Supplied data
--- START ---

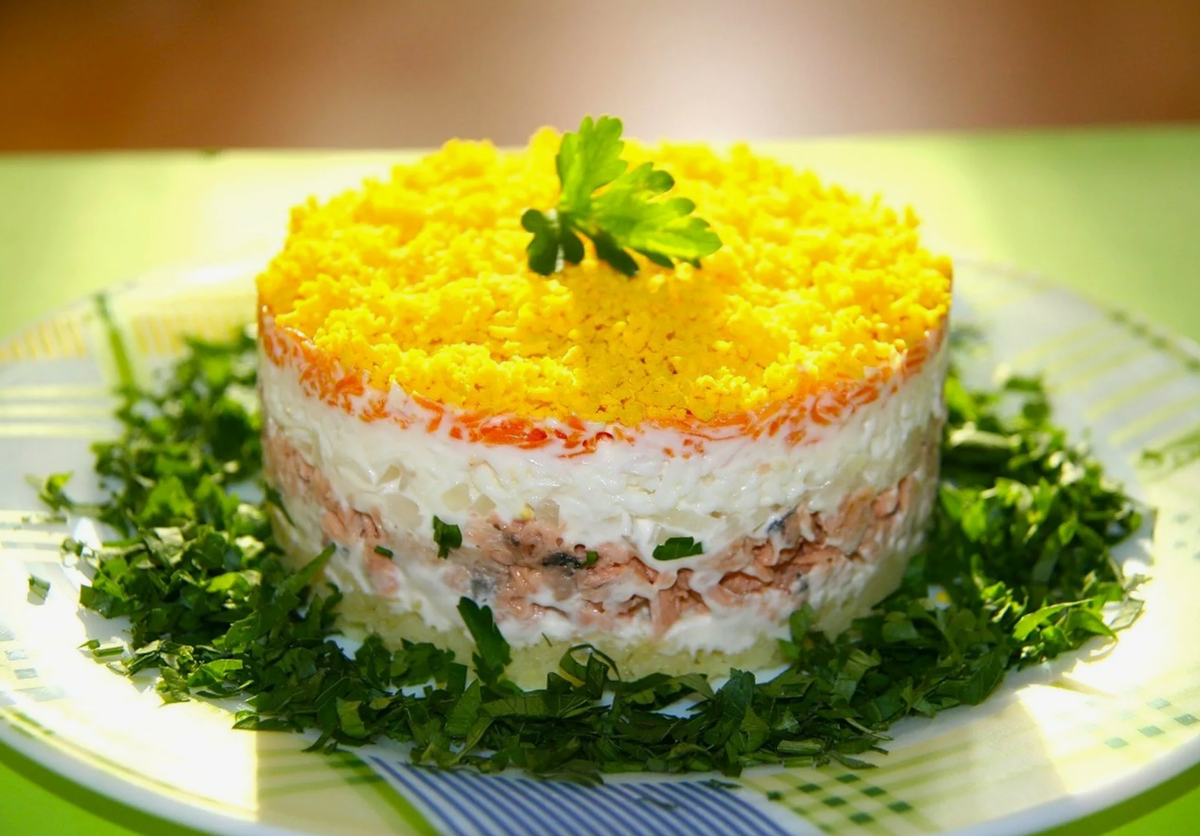 Новый год — это время, когда хочется побаловать своих близких не только праздничной атмосферой, но и вкусной едой. Одним из самых популярных и любимых салатов для новогоднего стола в странах СНГ является салат «Мимоза». Этот рецепт сочетает в себе простоту, яркость и великолепный вкус. И хотя салат «Мимоза» готовится довольно легко, он всегда вызывает восторг на праздничном столе. Сегодня мы рассмотрим, как приготовить этот чудесный салат с минимальными усилиями. Первым делом отварите картошку и морковь. Это можно сделать одновременно: поместите овощи в одну кастрюлю с холодной водой и доведите до кипения. Затем варите их 15-20 минут до мягкости. После варки овощи нужно охладить, очистить от кожуры и натереть на крупной терке. Яйца тоже нужно отварить вкрутую. Для этого залейте их холодной водой и варите 10-12 минут. После этого яйца нужно охладить, очистить от скорлупы и натереть на терке. Консервированный тунец слейте от жидкости и разомните вилкой. Если вы используете сельдь, ее тож
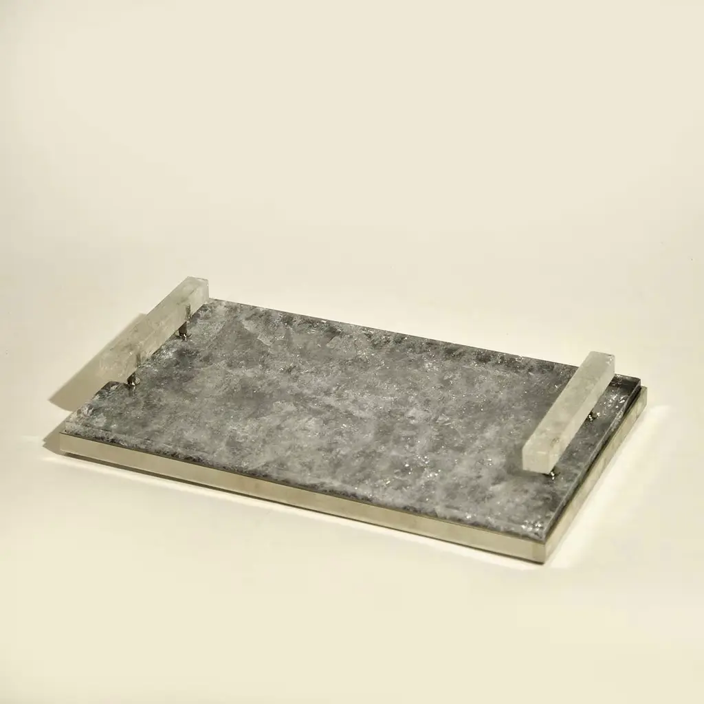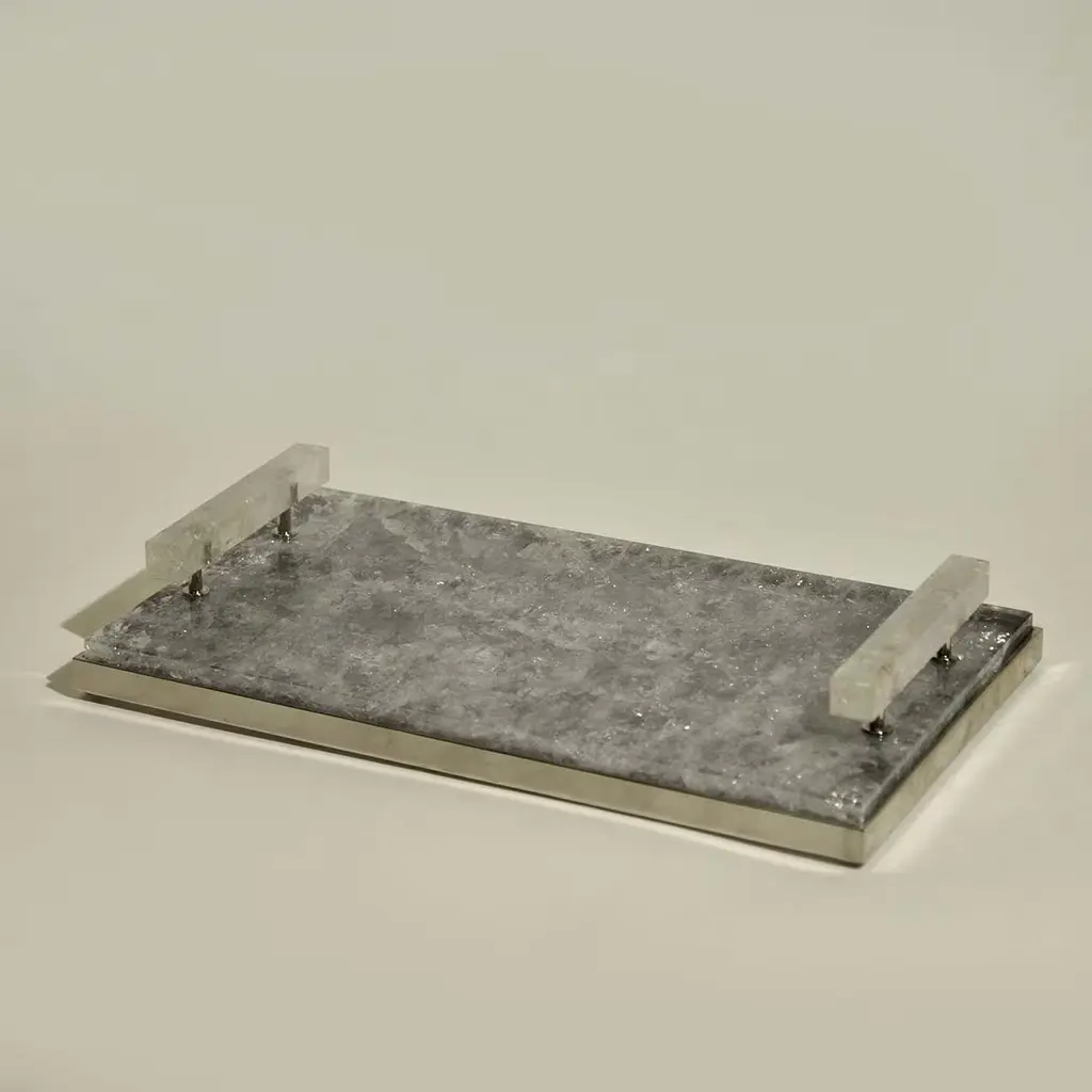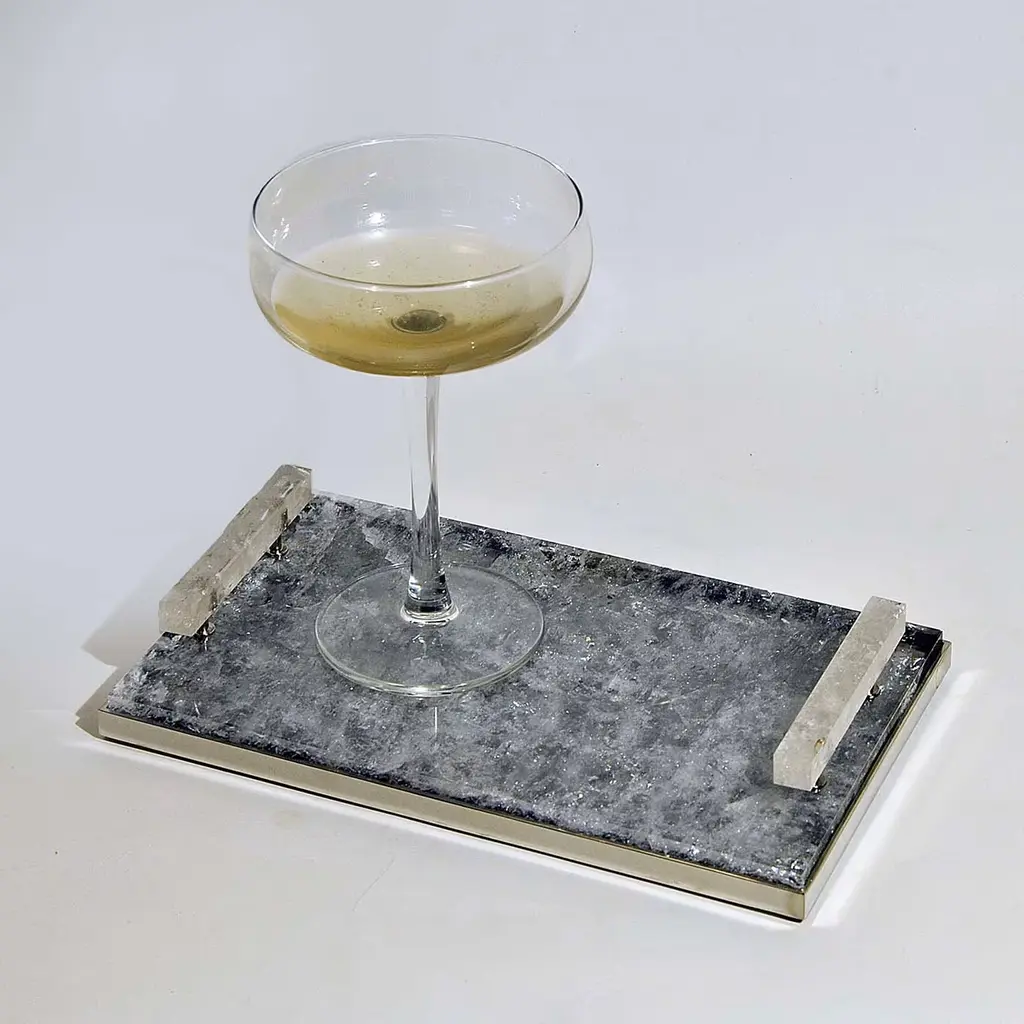 A classic silhouette with a modern twist, this rectangular tray is fashioned of bold black quartz and features exquisite hyaline quartz handles. A solid border in nickel-plated brass frames the crystal tray, this alluring juxtaposition of metallic and natural elements adds textural depth to the work. Elegantly chic, this timeless tray is a stunning surface for entertaining and fine dining.
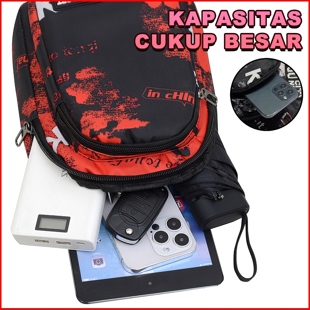 Tas Selempang Abstrak Pria Waterproof Slingbag Fashion Trendy Lubang Earphone Terbaru Zl 009
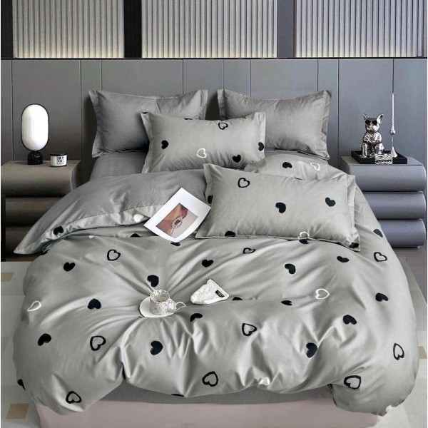 Lenjerie pat dublu, FINET, 6 piese, cu ELASTIC, Gri, inimioare, Johny Home Pucioasa, cod produs: SPR-T-255

--- END ---

Work to complete
Leave the pictures out and copy the rest of the data exactly.

Answer to the problem
 Новый год — это время, когда хочется побаловать своих близких не только праздничной атмосферой, но и вкусной едой. Одним из самых популярных и любимых салатов для новогоднего стола в странах СНГ является салат «Мимоза». Этот рецепт сочетает в себе простоту, яркость и великолепный вкус. И хотя салат «Мимоза» готовится довольно легко, он всегда вызывает восторг на праздничном столе. Сегодня мы рассмотрим, как приготовить этот чудесный салат с минимальными усилиями. Первым делом отварите картошку и морковь. Это можно сделать одновременно: поместите овощи в одну кастрюлю с холодной водой и доведите до кипения. Затем варите их 15-20 минут до мягкости. После варки овощи нужно охладить, очистить от кожуры и натереть на крупной терке. Яйца тоже нужно отварить вкрутую. Для этого залейте их холодной водой и варите 10-12 минут. После этого яйца нужно охладить, очистить от скорлупы и натереть на терке. Консервированный тунец слейте от жидкости и разомните вилкой. Если вы используете сельдь, ее тож
 A classic silhouette with a modern twist, this rectangular tray is fashioned of bold black quartz and features exquisite hyaline quartz handles. A solid border in nickel-plated brass frames the crystal tray, this alluring juxtaposition of metallic and natural elements adds textural depth to the work. Elegantly chic, this timeless tray is a stunning surface for entertaining and fine dining.
 Tas Selempang Abstrak Pria Waterproof Slingbag Fashion Trendy Lubang Earphone Terbaru Zl 009
 Lenjerie pat dublu, FINET, 6 piese, cu ELASTIC, Gri, inimioare, Johny Home Pucioasa, cod produs: SPR-T-255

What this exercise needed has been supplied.